# Navground-PettingZoo integration 

This notebook showcases the integration between navground and PettingZoo, the "multi-agent" version of Gymnasium.
We focus on the differences compared to with Gymnasium: have a look at `Navground-Gymnasium integration` for the common parts (e.g., rendering).
While with Gymnasium, we control a single navground agent (which may move among many other agents controlled by navground), with PettingZoo we can control multiple agents, even all the agents of a navground simulation. We load the same scenario with 20 agents and the same sensor.

In [1]:
from navground import sim
import numpy as np

scenario = sim.load_scenario("""
type: Cross
agent_margin: 0.1
side: 4
target_margin: 0.1
tolerance: 0.5
groups:
  -
    type: thymio
    number: 20
    radius: 0.1
    control_period: 0.1
    speed_tolerance: 0.02
    color: gray
    kinematics:
      type: 2WDiff
      wheel_axis: 0.094
      max_speed: 0.12
    behavior:
      type: HL
      optimal_speed: 0.12
      horizon: 5.0
      tau: 0.25
      eta: 0.5
      safety_margin: 0.1
    state_estimation:
      type: Bounded
      range: 5.0
""")

sensor = sim.load_state_estimation("""
type: Discs
number: 5
range: 5.0
max_speed: 0.12
max_radius: 0.1
""")

## A single group

Now, instead of a single agent, we want to control a group of agents with a policy acting on the selected sensor.
We define the PettingZoo environment, controlling the first 10 agents, *sharing* the same configuration

In [2]:
from navground_learning.env.pz import shared_parallel_env
from navground_learning.reward import SocialReward
from navground_learning import ObservationConfig, ControlActionConfig

observation_config = ObservationConfig()
action_config = ControlActionConfig()

env = shared_parallel_env(
    scenario=scenario,
    agent_indices=slice(0, 10, 1),
    sensor=sensor,
    action=action_config,
    observation=observation_config,
    reward=SocialReward(),
    time_step=0.1,
    max_duration=60.0)

All agents have the same observation and action spaces has configured 

In [3]:
print(f'We are controlling {len(env.possible_agents)} agents')

observation_space = env.observation_space(0)
action_space = env.action_space(0) 
if all(env.action_space(i) ==  action_space and env.observation_space(i) == observation_space 
       for i in env.possible_agents):
    print(f'They share the same observation {observation_space} and action {action_space} spaces')
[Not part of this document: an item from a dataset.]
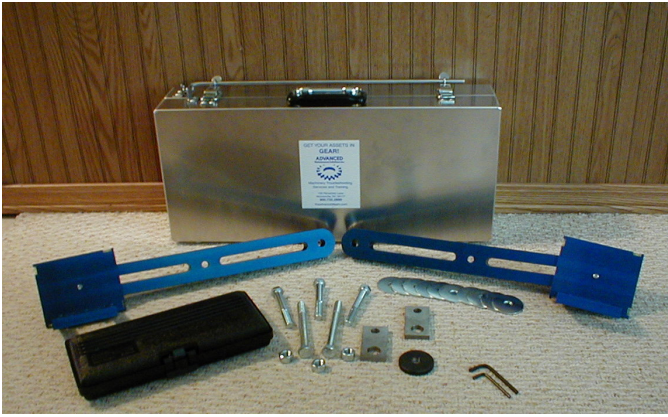
Complete Cardan Shaft Alignment Fixture System

We are controlling 10 agents
They share the same observation Dict('position': Box(-5.0, 5.0, (5, 2), float64), 'radius': Box(0.0, 0.1, (5,), float64), 'valid': MultiBinary((5,)), 'velocity': Box(-0.12, 0.12, (5, 2), float64), 'ego_target_direction': Box(-1.0, 1.0, (2,), float64), 'ego_target_distance': Box(0.0, 5.0, (1,), float64)) and action Box(-1.0, 1.0, (2,), float64) spaces


The `info` map returned by `reset(...)` and `step(...)` contains the action computed by original navground behavior, in this case `HL`, for each of the 10 agents.

In [4]:
observations, infos = env.reset()
print(f"Observation #0: {observations[0]}")
print(f"Info #0: {infos[0]}")

Observation #0: {'position': array([[ 0.10201398, -0.28317614],
       [-0.20867327, -0.35694126],
       [ 0.19885384, -0.67285531],
       [-0.56413084, -0.50433907],
       [-0.82594673, -0.22419791]]), 'radius': array([0.1, 0.1, 0.1, 0.1, 0.1]), 'valid': array([1, 1, 1, 1, 1], dtype=uint8), 'velocity': array([[0., 0.],
       [0., 0.],
       [0., 0.],
       [0., 0.],
       [0., 0.]]), 'ego_target_direction': array([ 1.00000000e+00, -3.41599925e-17]), 'ego_target_distance': array([2.1121034])}
Info #0: {'navground_action': array([0.32967995, 0.        ])}


Let's collect the reward from the original controller

In [5]:
all_rewards = []
for n in range(1000):
    actions = {i: info['navground_action'] for i, info in infos.items()}
    observations, rewards, terminated, truncated, infos = env.step(actions)
    all_rewards.append(np.mean(list(rewards.values())))
    done = np.bitwise_or(list(terminated.values()), list(truncated.values()))
    if np.all(done):
        print(f'reset after {n} steps')
        observations, infos = env.reset()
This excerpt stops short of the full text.